During your time in solitude, you will be tempted to engage in several activities that are not writing. These include (but are not limited to) the following:

  • Putting on music in the background because it “helps your creative process,” only to spend all your time curating the perfect Spotify playlist entitled “Writing!”
  • Reorganizing your entire room
  • Wondering how the hell Stephen King has written 65 novels, and proceeding to venture down a Stephen King internet rabbit hole that culminates in a spontaneous viewing of The Shawshank Redemption (yes! he also wrote that!)
  • Taking personality quizzes on the internet to determine which pasta shape best represents you (apparently I am a tortellini girl because “there's more to [me] than what people see on the outside” - the more you know)

…among many others.

In spite of the overwhelming urge to engage in the aforementioned activities, you must maintain a sense of discipline. For best results, permit yourself to do one of two things: write… or nothing. Absolutely nothing. When you’re not permitted to do anything until you write – not call a friend, not make dinner, not take a walk – writing suddenly becomes a rather appealing choice. What tends to follow, though, is…

2. FEAR OF THE BLANK PAGE

The milky abyss of a fresh document has incited fear in the hearts of many. What separates the good writers from the great ones is knowing how to use that fear as a tool. We are taught to fear fear, but I posit that this F-word doesn’t always have to be thought of as a bad thing. You can fear unfulfilled potential, for instance, and use that as a motivator to live an incredibly full life.
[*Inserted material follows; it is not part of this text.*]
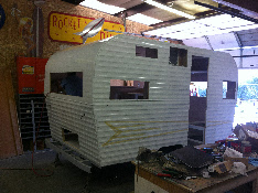 July 15th... four and a half weeks from the day we pulled it into the shop it is on its way to California. Notice we modified the rear bumper to accommodate a bicycle rack. Sorry about the terrible photo but the interior was finished off with custom led lighting, brushed stainless steel counter and table top, leather seating and client supplied custom window shades.

Alternatively, you can fear imperfection and never begin at all. We choose which side of fear to live on.

Oftentimes, aspiring writers are afraid to begin because they expect instant results. To that I say, the day you plant the seed is not the day you eat the fruit. Another reason why one might fear the blank page is that they do not want to discover that they are actually terrible at writing. If you are one of these folks, I have some good news for you: it’s impossible to get worse at something you do every day.


3. READING. LOTS OF IT.


Okay, so you’re alone (1) and you’ve tackled your terror of the blank page (2). But what to do if the ideas simply aren’t flowing? When you are feeling inspired, write. When you are seeking inspiration, read. A book is a present you can open again and again, a portal to another world. Reading also encourages you to ask questions: How would an author describe me in a book? How would I end this particular story? What do I like about it? What would I change about it? Doing so enables you to know yourself better. Knowing yourself is key to writing from a place of honesty, which is where all the best stuff comes from.
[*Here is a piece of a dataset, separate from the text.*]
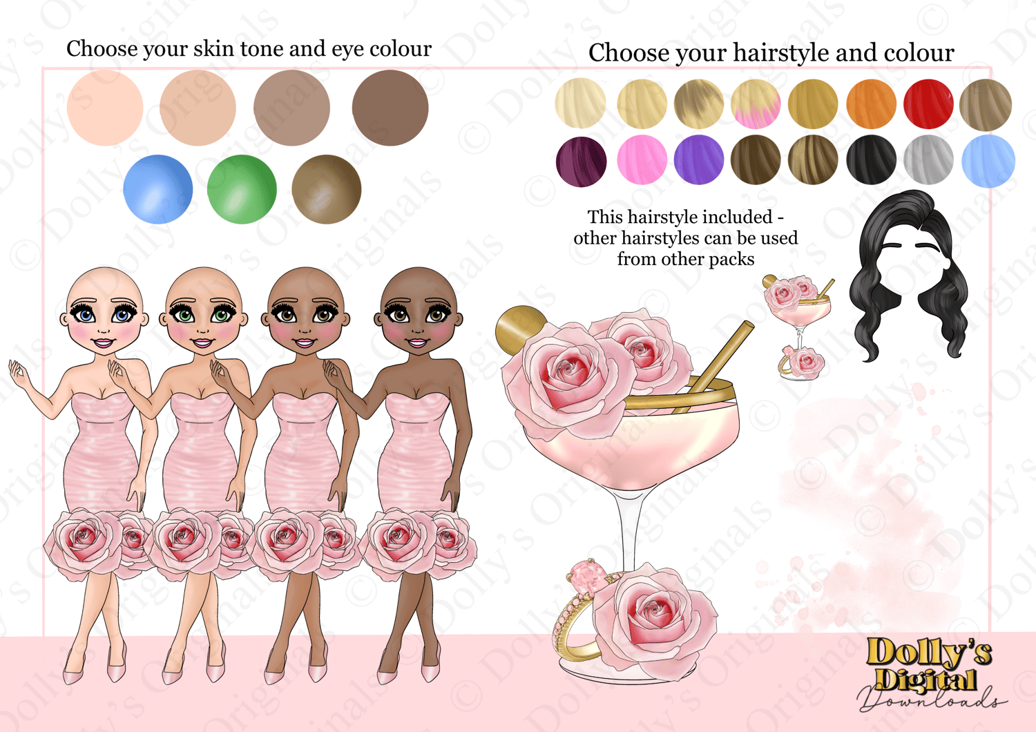 Instant digital download of our Blushing Bride Pale Pink Rose Cocktail Dolly Character Bundle PNG (34 PNG’s)

With each new question you ask and solitary moment you spend, you are undergoing the process of becoming - becoming vulnerable, becoming a writer, becoming yourself. Just because it’s taking time doesn’t mean it’s not happening. When you decide to return to the page, you will begin stage four:


4. BLEEDING ON PAPER


Hemingway once postulated that “there is nothing to writing; all you do is sit down at a typewriter and bleed.” Sanguinary metaphor aside, my man Ernest was onto something here: writing is undoubtedly a process of wringing out blood. Not literal blood, of course, but your essence as a human being. Your hopes, dreams, fears… everything vulnerable that flows through your veins. To bleed is to let all of this out onto the page, until it turns a glorious shade of scarlet.

As soon as your fingers grace the keyboard or your pen hits the page, you have entered the arena. You are a gladiator, armed with nothing but your mind and twenty-six characters. The arena can be a rather scary place. Critics will undoubtedly size you up from the comfort of their seats, waiting for you to stumble. In spite of this, you mustn’t turn back. Your only opponent is yourself; to succeed, you must be willing to bleed.
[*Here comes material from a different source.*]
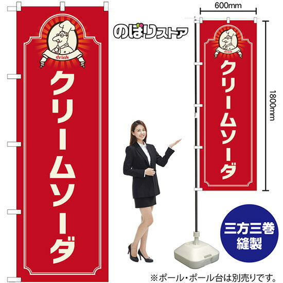 のぼり旗 クリームソーダ menu (赤) No.52709 (受注生産品・キャンセル不可)

5. THE GREAT LEAP INTO THE DARK


The final stage of great writing is what I like to call “the great leap into the dark.” Writing is simply the act of casting a stone into a deep well. You may not be able to see what lies beyond the darkness, but the *PLOP!* will eventually sound. It always does. A well cannot go on forever.

Similarly, you must be willing to write even if you don’t know where you’re going. Eventually, you will arrive at something truthful, something real, something worth writing about, and it will all have been worth it.